• [AIM OF THE TASK] A faithful copy of every entry is the goal; keep the images out of it.

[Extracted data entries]

BEGIN

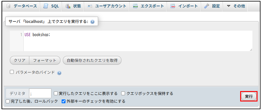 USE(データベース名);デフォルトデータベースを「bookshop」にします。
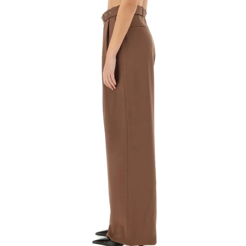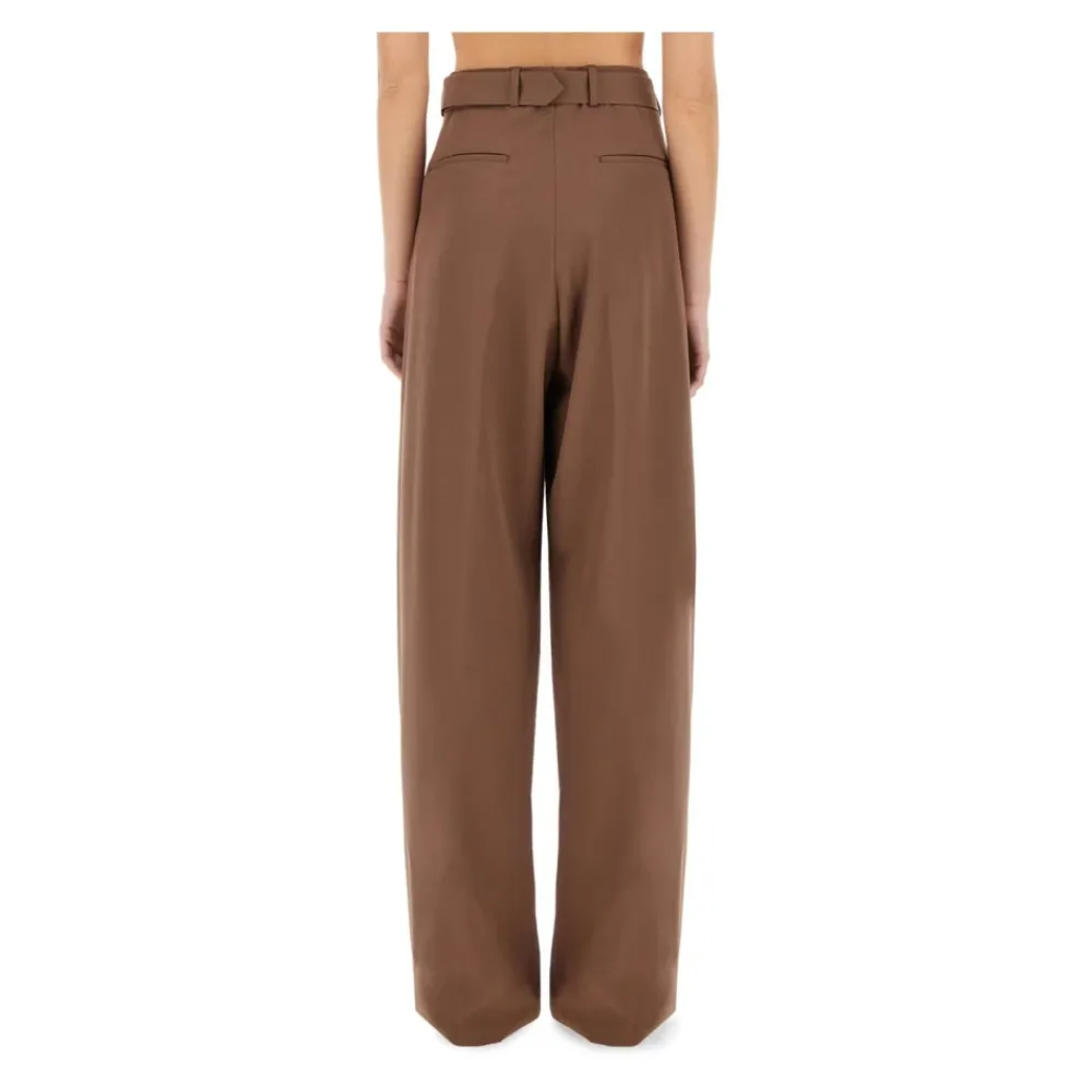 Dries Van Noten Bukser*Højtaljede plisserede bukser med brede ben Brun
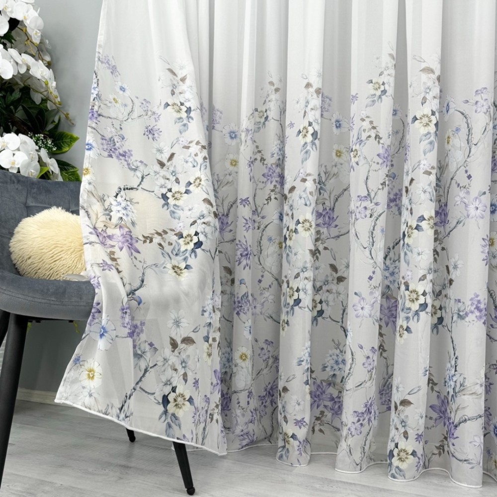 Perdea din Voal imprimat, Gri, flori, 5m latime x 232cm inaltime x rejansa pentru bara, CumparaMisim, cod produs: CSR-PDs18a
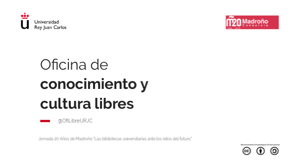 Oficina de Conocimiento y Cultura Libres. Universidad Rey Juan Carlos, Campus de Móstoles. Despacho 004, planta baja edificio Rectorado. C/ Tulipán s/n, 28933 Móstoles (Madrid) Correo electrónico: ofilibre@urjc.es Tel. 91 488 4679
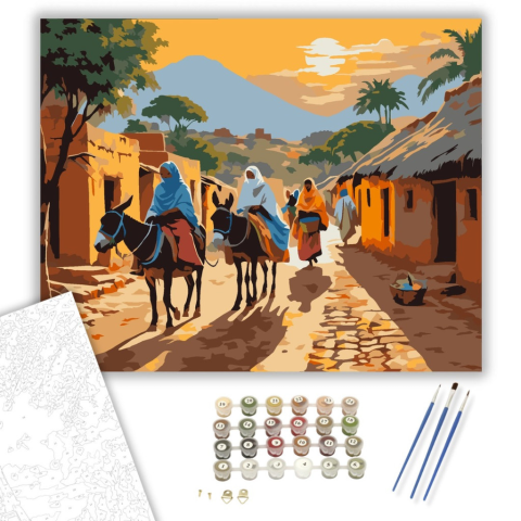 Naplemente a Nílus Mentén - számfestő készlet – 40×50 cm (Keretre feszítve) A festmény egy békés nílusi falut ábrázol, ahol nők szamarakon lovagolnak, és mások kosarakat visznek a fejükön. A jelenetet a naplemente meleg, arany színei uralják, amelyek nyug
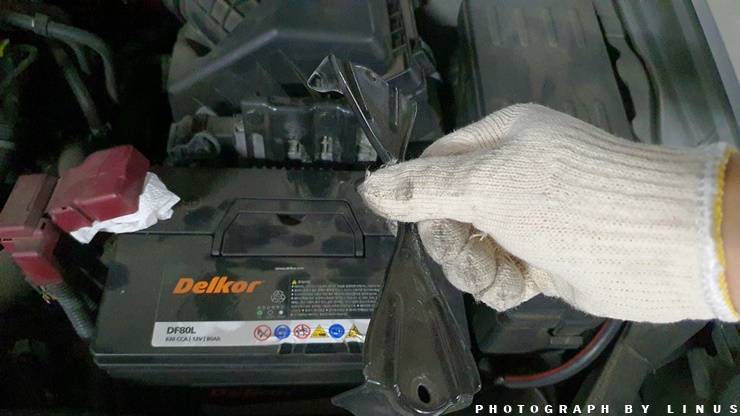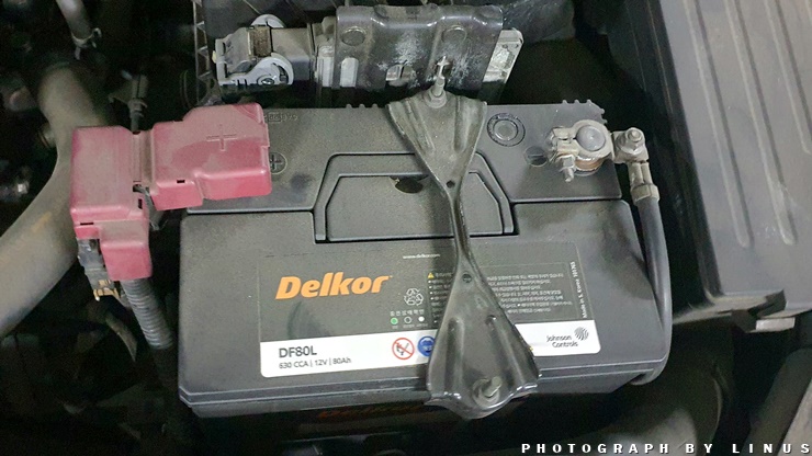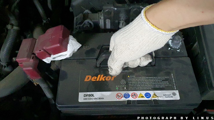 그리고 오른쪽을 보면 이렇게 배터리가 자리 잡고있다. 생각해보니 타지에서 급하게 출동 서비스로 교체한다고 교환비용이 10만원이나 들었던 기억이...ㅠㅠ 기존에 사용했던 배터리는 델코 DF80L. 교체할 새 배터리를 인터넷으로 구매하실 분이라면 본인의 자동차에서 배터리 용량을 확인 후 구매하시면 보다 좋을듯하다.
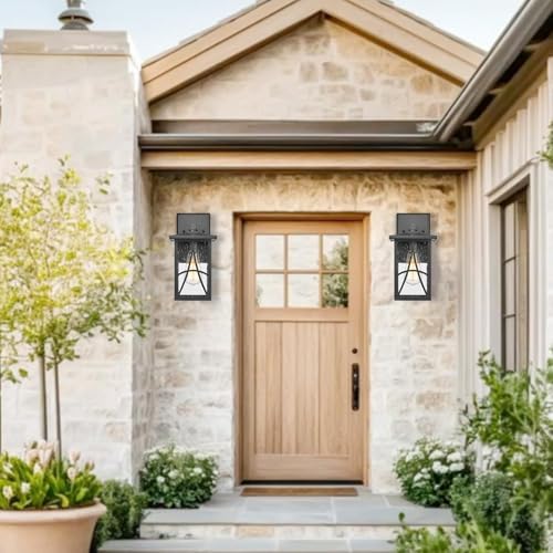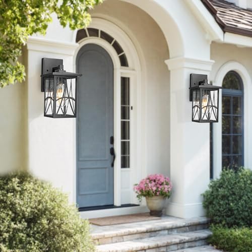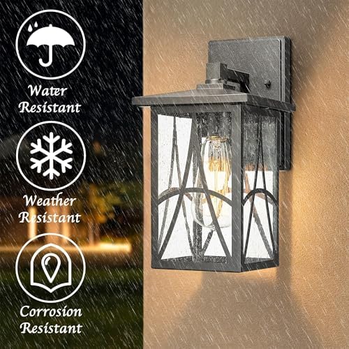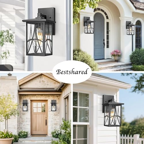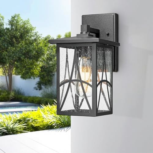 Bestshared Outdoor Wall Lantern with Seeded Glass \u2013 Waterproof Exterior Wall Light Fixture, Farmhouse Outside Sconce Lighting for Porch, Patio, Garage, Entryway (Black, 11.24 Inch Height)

END

• [SOLUTION]
 USE(データベース名);デフォルトデータベースを「bookshop」にします。
 Dries Van Noten Bukser*Højtaljede plisserede bukser med brede ben Brun
 Perdea din Voal imprimat, Gri, flori, 5m latime x 232cm inaltime x rejansa pentru bara, CumparaMisim, cod produs: CSR-PDs18a
 Oficina de Conocimiento y Cultura Libres. Universidad Rey Juan Carlos, Campus de Móstoles. Despacho 004, planta baja edificio Rectorado. C/ Tulipán s/n, 28933 Móstoles (Madrid) Correo electrónico: ofilibre@urjc.es Tel. 91 488 4679
 Naplemente a Nílus Mentén - számfestő készlet – 40×50 cm (Keretre feszítve) A festmény egy békés nílusi falut ábrázol, ahol nők szamarakon lovagolnak, és mások kosarakat visznek a fejükön. A jelenetet a naplemente meleg, arany színei uralják, amelyek nyug
 그리고 오른쪽을 보면 이렇게 배터리가 자리 잡고있다. 생각해보니 타지에서 급하게 출동 서비스로 교체한다고 교환비용이 10만원이나 들었던 기억이...ㅠㅠ 기존에 사용했던 배터리는 델코 DF80L. 교체할 새 배터리를 인터넷으로 구매하실 분이라면 본인의 자동차에서 배터리 용량을 확인 후 구매하시면 보다 좋을듯하다.
 Bestshared Outdoor Wall Lantern with Seeded Glass \u2013 Waterproof Exterior Wall Light Fixture, Farmhouse Outside Sconce Lighting for Porch, Patio, Garage, Entryway (Black, 11.24 Inch Height)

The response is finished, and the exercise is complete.